[INFORMATION SUPPLIED — start]

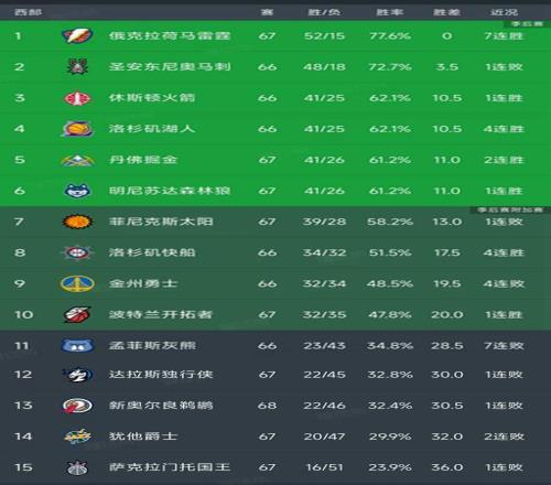 北京时间3月14日,今日的NBA常规赛结束了所有比赛,快猫入口下载看看西部的最新积分榜变动,主要的信息是:火箭107-105绝杀鹈鹕,森林狼127-117战胜勇士,太阳115-122不敌猛龙,快船119-108掀翻公牛,开拓者124-114战胜爵士,独行侠105-138惨败骑士,灰熊110-126不敌活塞!
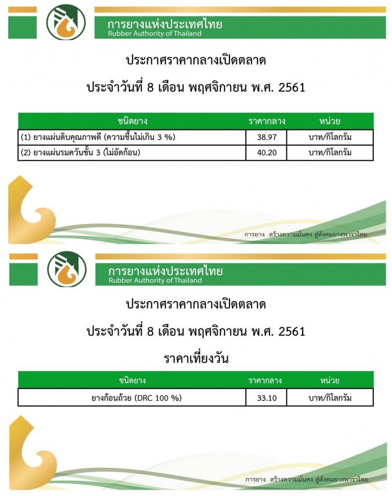 ราคากลางยางพาราเปิดตลาดวันนี้(8 พ.ย.61)
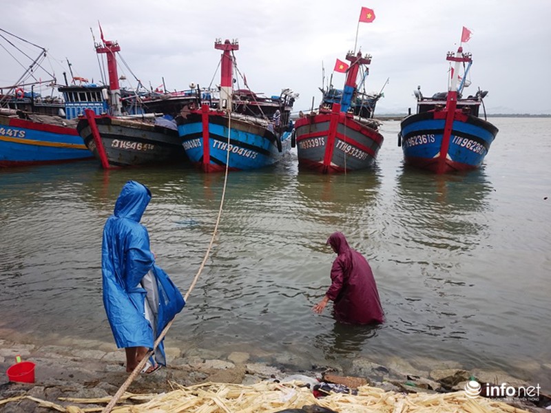 Ghi nhận của PV tại cảng biển Thuận An, âu thuyền xã Phú Hải (huyện Phú Vang) chiều ngày 25/7 cho thấy, nhiều tàu thuyền đã vào nơi trú ẩn an toàn, đã được buộc neo cận thận, thỉnh thoảng ngư dân vẫn ra vào để trực thoát nước trong khoang tàu hoặc sợ gió làm rung chuyển va chạm tàu.
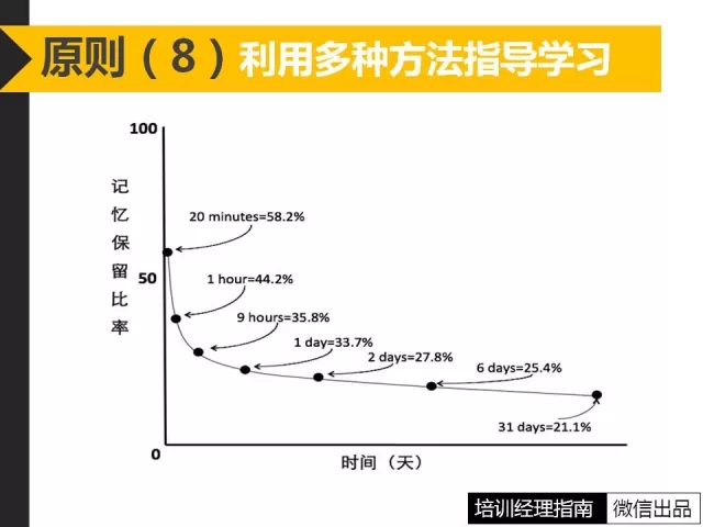 8、學習心理學家告訴我們,一個人的學習吸收曲線顯示成人在一種方式的學習40分鐘后吸收幾乎等于零,意味著老師需要經(jīng)常變化學習方法和方式,來保證學習的吸收。而艾賓浩斯遺忘曲線則告訴我們,學習一天后,如果不抓緊復習,就只剩下原來學習的33.7%,隨著時間的推移,遺忘的速度減慢,遺忘的數(shù)量也就減少。所以培訓師需要在課堂中利用多種不同刺激度的教學活動增加學員的注意性。

[INFORMATION SUPPLIED — finish]

## [TASK REQUIREMENTS]
Only one part of the material above is wanted: the lines from the one with "ราคากลางยางพาราเปิดตลาดวันนี้(8 พ.ย.61)" up to and including the one with "Ghi nhận của". Please copy them exactly, pictures left out.

## [ANSWER BOX]
 ราคากลางยางพาราเปิดตลาดวันนี้(8 พ.ย.61)
 Ghi nhận của PV tại cảng biển Thuận An, âu thuyền xã Phú Hải (huyện Phú Vang) chiều ngày 25/7 cho thấy, nhiều tàu thuyền đã vào nơi trú ẩn an toàn, đã được buộc neo cận thận, thỉnh thoảng ngư dân vẫn ra vào để trực thoát nước trong khoang tàu hoặc sợ gió làm rung chuyển va chạm tàu.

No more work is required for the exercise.